### WHAT NEEDS TO BE DONE
Return copies of the lines below that mention "infantil".

### SOURCE DATA
[Start of Attachment]
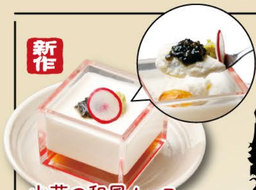
山芋の和風ムース キャビアとワサビを添えて Japanese-style Mountain Yam mousse with caviar and wasabi / 680 日式山药慕斯配鱼子酱和芥末
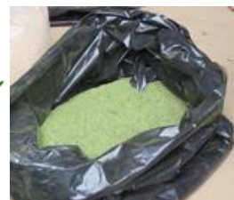
ໃບຜິດແຫ້ງບົດ

ຖ້າລ້ຽງໄກໃນປະລິມານໜ້ອຍໂຕ ຈະໃຊ້ຮຳປະສົມສາລີບົດ ແລະ ໃບກະຖິນແຫ້ງບົດ (ໃບມັນຕົ້ນແຫ້ງບົດ) ກໍ ບໍ່ໃຊ້ໄດ້, ສ່ວນແຮ່ທາດນ້ຳໃຊ້ເປືອກຫອຍ ຫຼື ເປືອກໄຂ່ບົດກໍ່ພຽງພໍ. ຖ້າມີໄກຫຼາຍຕ້ອງໃຫ້ອາຫານຫຼາຍຈຸດ ໃຫ້ໄກໄດ້ ກິນອາຫານພ້ອມກັນ
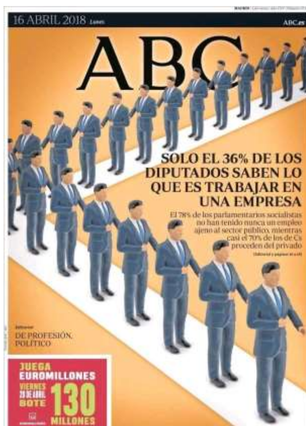
Imagen 1. Portada de ABC del 16 abril de 2018, donde se muestra solo figuras masculinas con el titular “Solo el 36% de los diputados saben lo que es trabajar en una empresa”. Un ejemplo del borrado mediático de las políticas.

Por tanto, el análisis del discurso emitido en los medios nos permite describir y evaluar los significados compartidos de nuestra cultura occidental a través del escrutinio, en detalle, de las representaciones del mundo social que predominan (Mathenson, 2005). En el caso de las mujeres con poder, la portada del periódico ABC que se adjunta en la imagen 1 puede ser un ejemplo de cómo el campo de política es considerado socialmente ajeno a las mujeres.
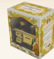
Verpackungsbeispiel Sample of packing Emballage l'exemple

Packung/packing/emballage: 1 Stck./piece/pièce Karton/box/boîte – dimension: 24,5 x 27 x 16,5 cms Gewicht/weight/poids: 0,672 kgs. 6 Stck. im Versandkarton 6 pieces into a master carton 6 pièces dans un carton d'expédition 50,5 x 50,5 x 28,5 cms – 4,732 kgs.
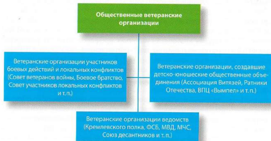
Рисунок 8. Общественные ветеранские организации.

Одним из самых ярких примеров таких детских центров является Военно-патриотический центр «Вымпел», который был создан ветеранами Группы специального назначения органов государственной безопасности «Вымпел» и ветеранами Кремлёвского полка. Многообразием задач по комплексному развитию личности продиктована специфика кадрового состава ВПЦ «Вымпел», в который входят ветераны и действующие сотрудники силовых структур России, а также педагоги, психологи, экологи, врачи, специалисты в сфере культурно-просветительской деятельности. Активное участие в работе ВПЦ «Вымпел» принимают ветераны военных действий, Герои Советского Союза и Герои России.
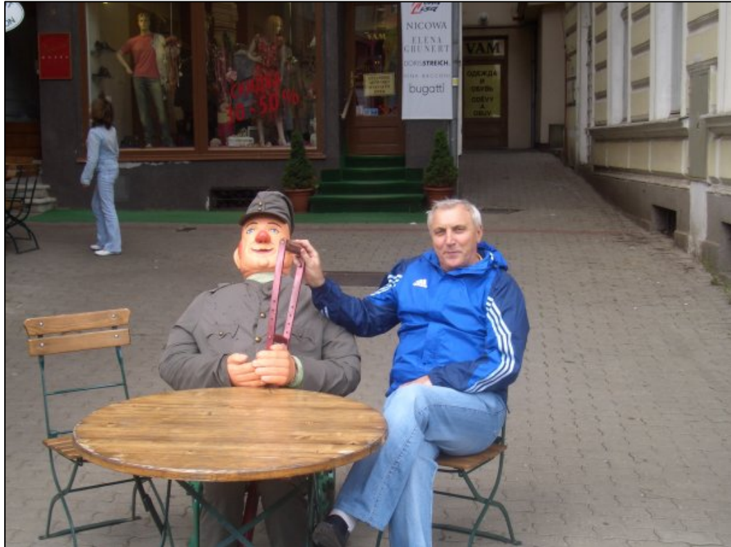
У гостях у Швейка (Прага, 2007)
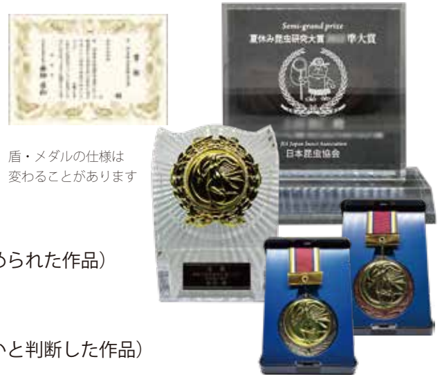
盾・メダルの仕様は 変わることがあります

各賞受賞者には表彰状と副賞が、惜しくも入選を逃した方にも記念品と参加証（小さな表彰状）が贈られます。
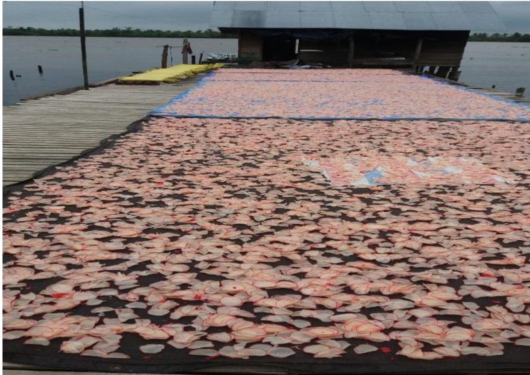
Tahap penjemuran kerupuk singkong yang sudah di potong tipis-tipis.
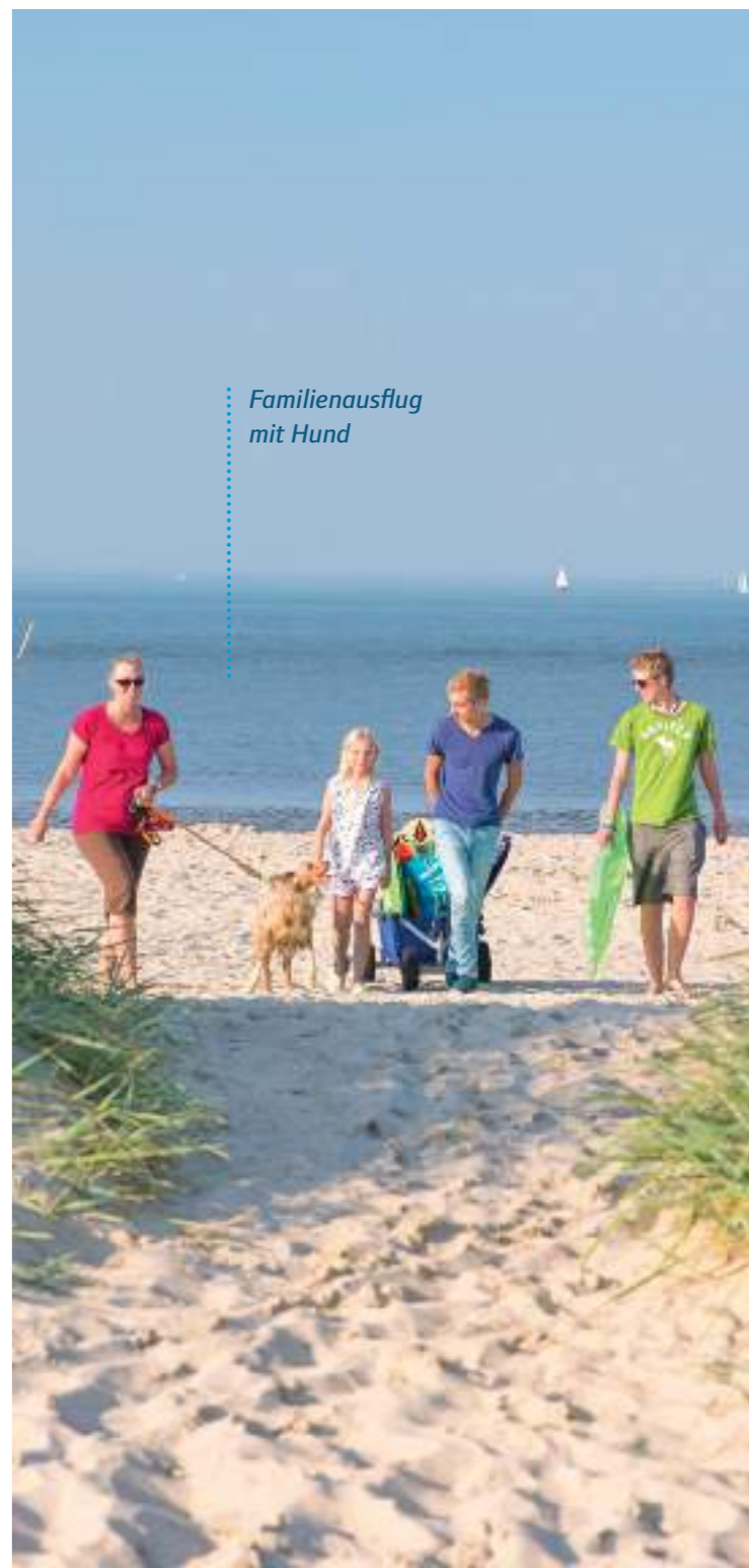
Familienausflug mit Hund

Liebe Hundehalterin, lieber Hundehalter, herzlich willkommen in Ihrem Wangerland-Urlaub mit Hund. Für ebenso abwechslungsreiche wie harmonische Ferientage mit Ihrem Vierbeiner haben wir Ihnen in diesem Flyer Tipps und Informationen sowie einige Hinweise und Ratschläge zum rücksichtsvollen Verhalten mit Hund zusammengestellt.
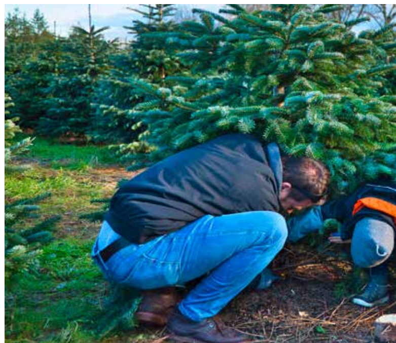
Unser Tipp für den nächsten Familienausflug: Weihnachtsbaum-Schlagen

Selbst Weihnachtsbäume zu schlagen, liegt absolut im Trend. Der Baum ist frischer und hält auch länger, bevor er seine Nadeln abwirft. Immer mehr Menschen lieben auch den Ausflug aufs Land in der Adventszeit und zelebrieren diesen Anlass als Familienausflug. Das Auto wird mit Dachgepäckträger oder Anhänger vorbereitet, Sägen werden geschärft, nochmal schnell die Zimmerhöhe ausgemessen. Dann beginnt das kleine Abenteuer der Suche nach dem perfekten Baum – zum Beispiel auf dem Thüringer Tannenhof ehemals Tannenhof Passen in Wittchenstein.
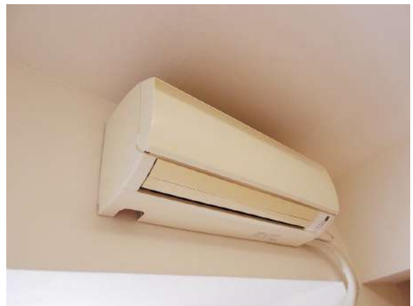
【冷暖房・空調設備】
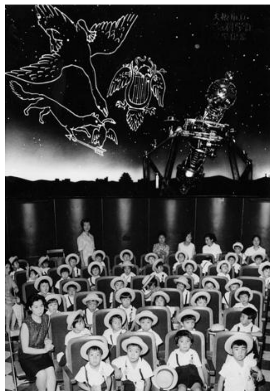
昭和 42 年（1967 年）、大阪市阿倍野区鶴が丘幼稚園 さつき組
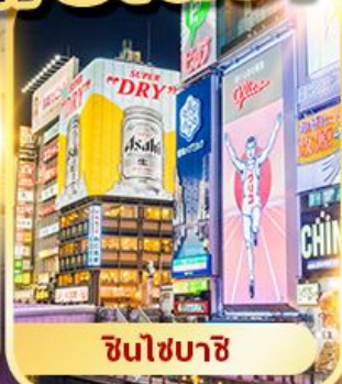
ชินไซบาชิ
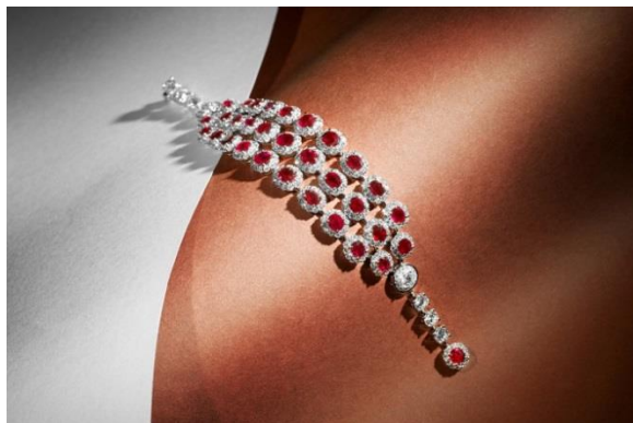
精美的總重量 16.74 克拉天然緬甸未經加熱鴿血紅 紅寶石配鑽石手鏈 售價：HK$400,000

瑰麗珠寶展售會「LUMIÈRE」率先為 2021 年度春季大拍揭開華麗序幕——將於 3 月 18 日至 31 日香港精品展期間，特別呈現逾 90 件優美雅致的珠寶珍品，彙集經典時尚的日常佩戴款式，到精湛卓越的彩色寶石、鑽石、翡翠及品牌古董，薈萃琳琅滿目的至臻佳品。本次春拍的珠寶鐘錶尚品部分將繼續以展售會取代傳統拍賣模式，為藏家們提供更精準的服務，體驗輕奢購買之樂。通過綺麗尚品的別致呈現，我們希冀能如「LUMIÈRE」的意涵「光」一般，為各位帶來珠寶的璀璨光芒，讓生活注入無限的美與能量。
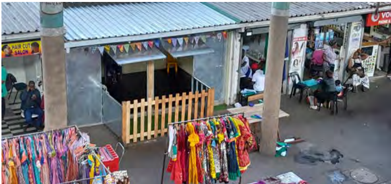
Los espacios menos utilizados entre los kioscos se convirtieron en servicios de cuidado infantil emergente en los mercados de Durban.

Si bien encontrar 18 m 2 para un centro de cuidado infantil puede ser un gran desafío en un contexto competitivo de mercado en el centro de la ciudad, AeT encontró espacios poco utilizados entre los kioscos del mercado de Brook Street (un mercado que vende delantales, sombreros, calzado y bolsos) y el mercado Early Morning (un mercado de verduras) que podrían ser centros emergentes de cuidado infantil, cerca de donde trabajan las madres 66 . Comenzaron a trabajar en un cajón de cuidados que evolucionó del concepto de cuna callejera. El cajón de cuidados ofrece las comodidades legales, como espacio para preparar comida, cambiar pañales o una enfermería.
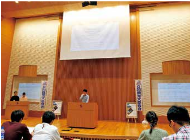
学生サミット宣言発表
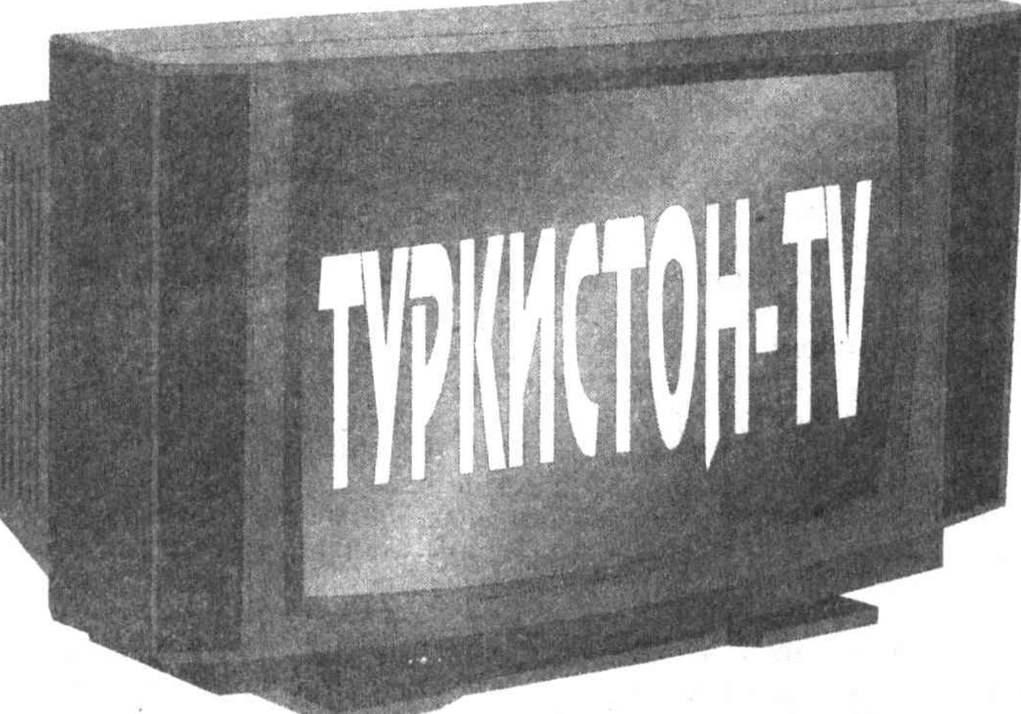
Туркистон ТВ логотиби
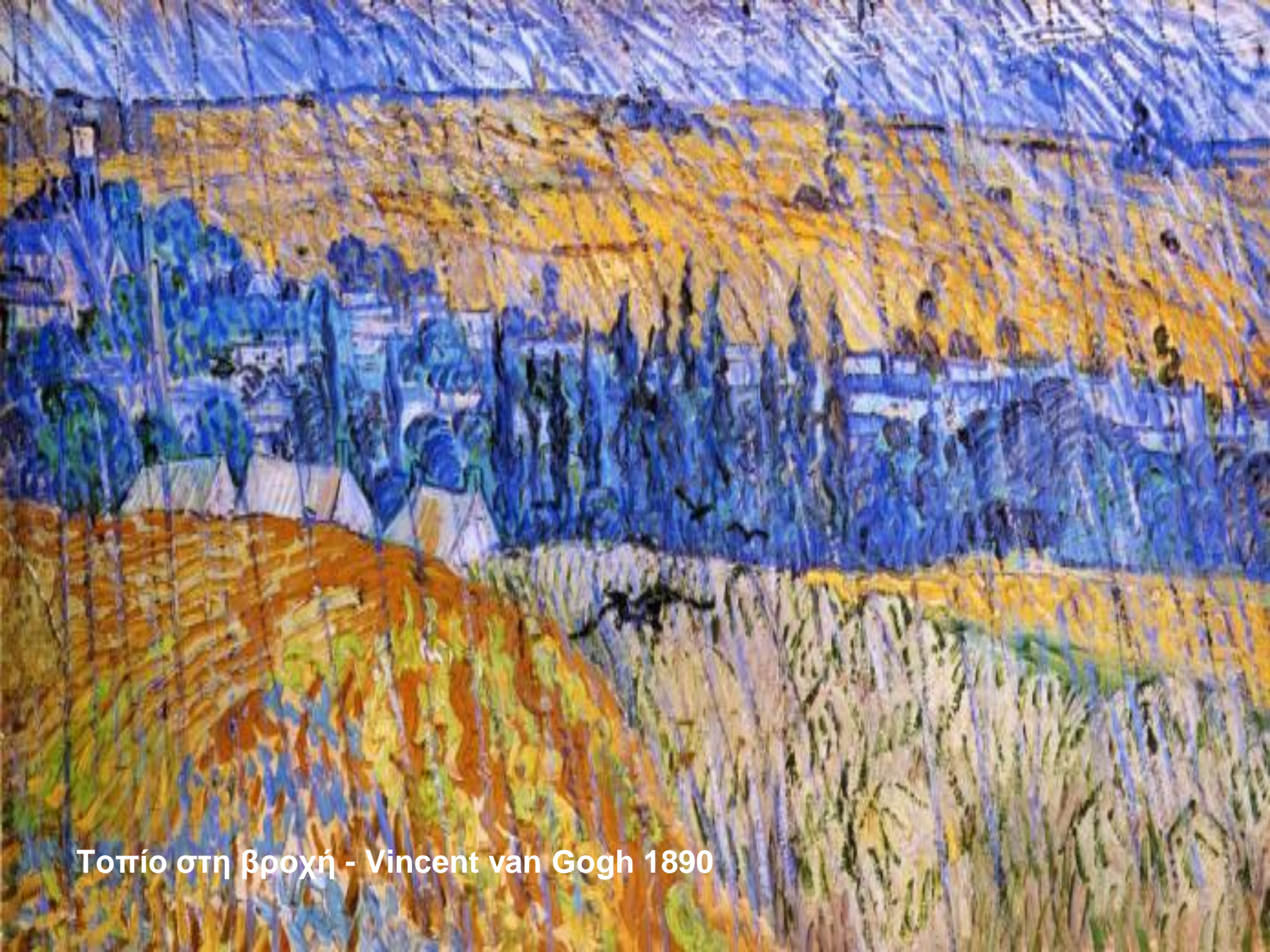
Τοπίο στη βροχή - Vincent van Gogh 1890
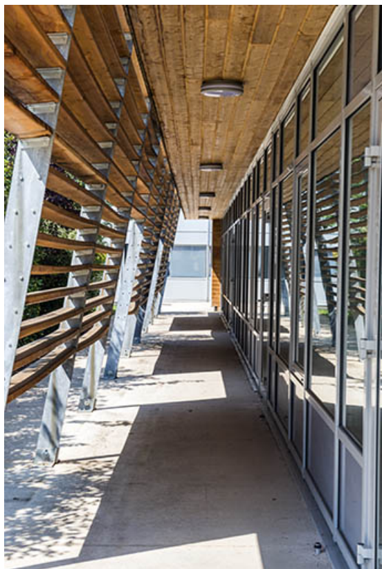
Détail de la façade sud de la cantine.
[End of Attachment]
### WRITTEN ANSWER
Los espacios menos utilizados entre los kioscos se convirtieron en servicios de cuidado infantil emergente en los mercados de Durban.
Si bien encontrar 18 m 2 para un centro de cuidado infantil puede ser un gran desafío en un contexto competitivo de mercado en el centro de la ciudad, AeT encontró espacios poco utilizados entre los kioscos del mercado de Brook Street (un mercado que vende delantales, sombreros, calzado y bolsos) y el mercado Early Morning (un mercado de verduras) que podrían ser centros emergentes de cuidado infantil, cerca de donde trabajan las madres 66 . Comenzaron a trabajar en un cajón de cuidados que evolucionó del concepto de cuna callejera. El cajón de cuidados ofrece las comodidades legales, como espacio para preparar comida, cambiar pañales o una enfermería.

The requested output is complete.